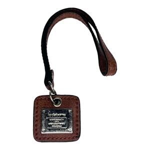 Vintage VTG Liz Claiborne Wristlet Strap Luggage Tag FOB for Handbag Purse Keychain 9" Long with Square "Liz Claiborne Established 1976 And Made For All Lifestyles" Metal On Leather Engraved Plate Fob.
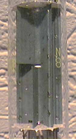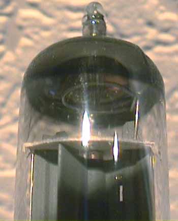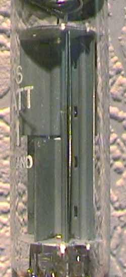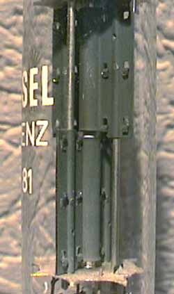 Die zweite EZ 81 hat nur an einer Seite des Getter-Rings eine gerade, der Rest des Rings ist normal rund ausgeführt.
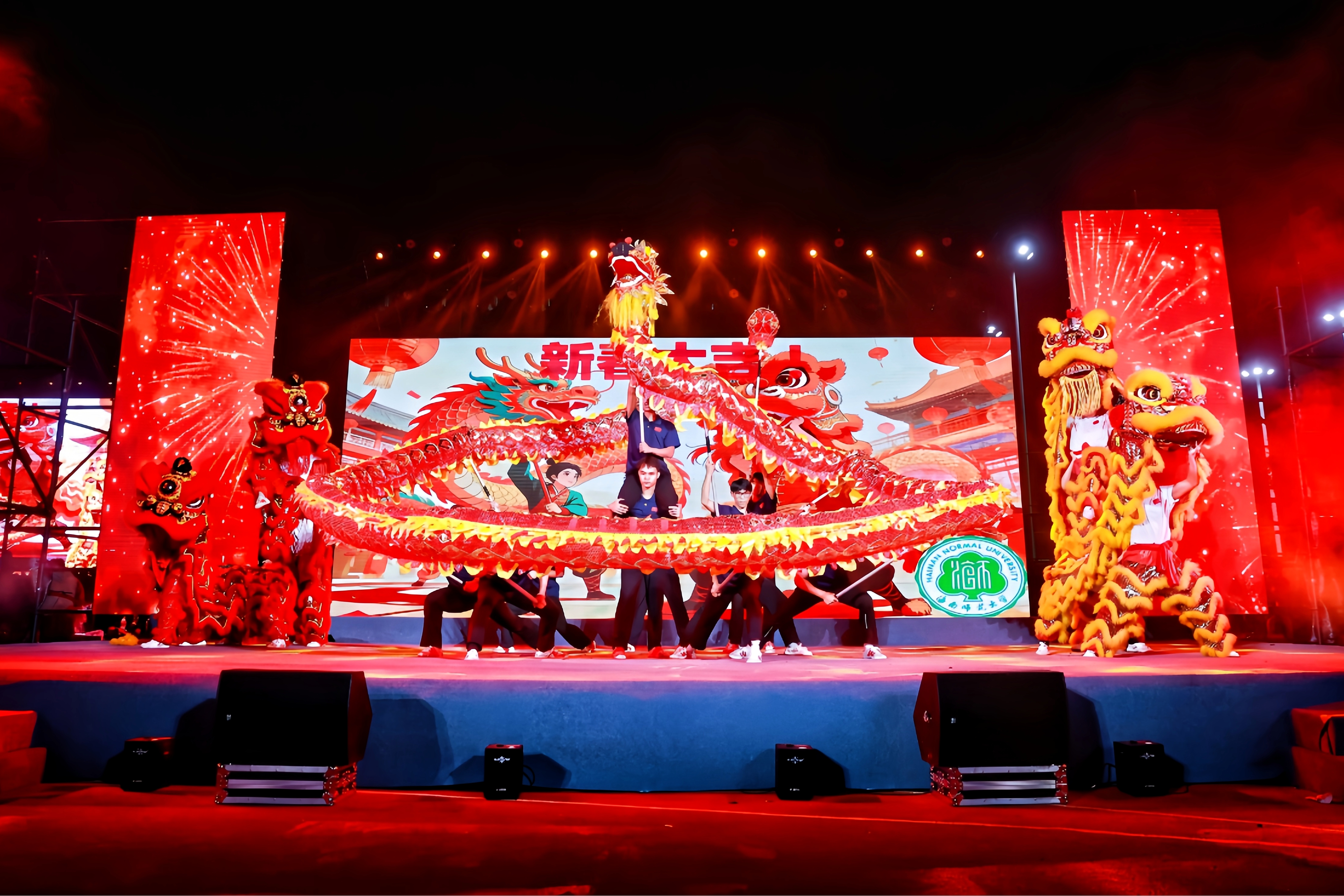 椰风送暖辞旧岁,华灯璀璨迎新年。12月31日晚,海南师范大学2026年元旦游园活动分别在龙昆南校区与桂林洋校区温情启幕,校党委书记许玫、校长聂清斌宣布游园活动正式开始。全体校党政领导班子成员,各机关教辅单位及学院党政负责人欢聚一堂,共迎新春。副校长张引、王瑜分别主持两校区游园开幕式。夜色温柔,灯火如织。在洋溢青春活力的文艺表演中,元旦游园正式拉开帷幕。校党委副书记符刘才、副校长杨兹举分别在两校区发表新年贺词,向全校师生、广大校友和关心支持学校发展的社会各界人士致以节日的问候。他们指出,2025年学校坚持党建引领,推动立德树人展现新成效,办学实力实现新跨越,服务海南彰显新作为,开放办学构建新格局
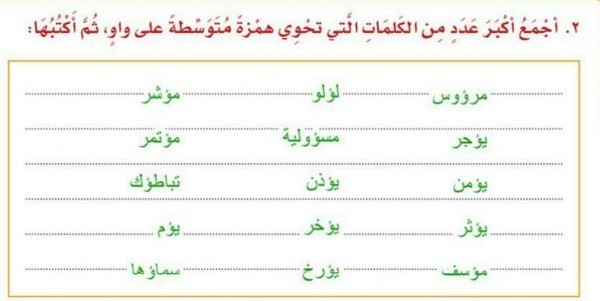 كلمات تحتوي على همزة متوسطة على الواو سؤال وجواب

================

TASK> Return the data exactly. Pictures stay out.

TASK SOLUTION>
 Vintage VTG Liz Claiborne Wristlet Strap Luggage Tag FOB for Handbag Purse Keychain 9" Long with Square "Liz Claiborne Established 1976 And Made For All Lifestyles" Metal On Leather Engraved Plate Fob.
 Die zweite EZ 81 hat nur an einer Seite des Getter-Rings eine gerade, der Rest des Rings ist normal rund ausgeführt.
 椰风送暖辞旧岁,华灯璀璨迎新年。12月31日晚,海南师范大学2026年元旦游园活动分别在龙昆南校区与桂林洋校区温情启幕,校党委书记许玫、校长聂清斌宣布游园活动正式开始。全体校党政领导班子成员,各机关教辅单位及学院党政负责人欢聚一堂,共迎新春。副校长张引、王瑜分别主持两校区游园开幕式。夜色温柔,灯火如织。在洋溢青春活力的文艺表演中,元旦游园正式拉开帷幕。校党委副书记符刘才、副校长杨兹举分别在两校区发表新年贺词,向全校师生、广大校友和关心支持学校发展的社会各界人士致以节日的问候。他们指出,2025年学校坚持党建引领,推动立德树人展现新成效,办学实力实现新跨越,服务海南彰显新作为,开放办学构建新格局
 كلمات تحتوي على همزة متوسطة على الواو سؤال وجواب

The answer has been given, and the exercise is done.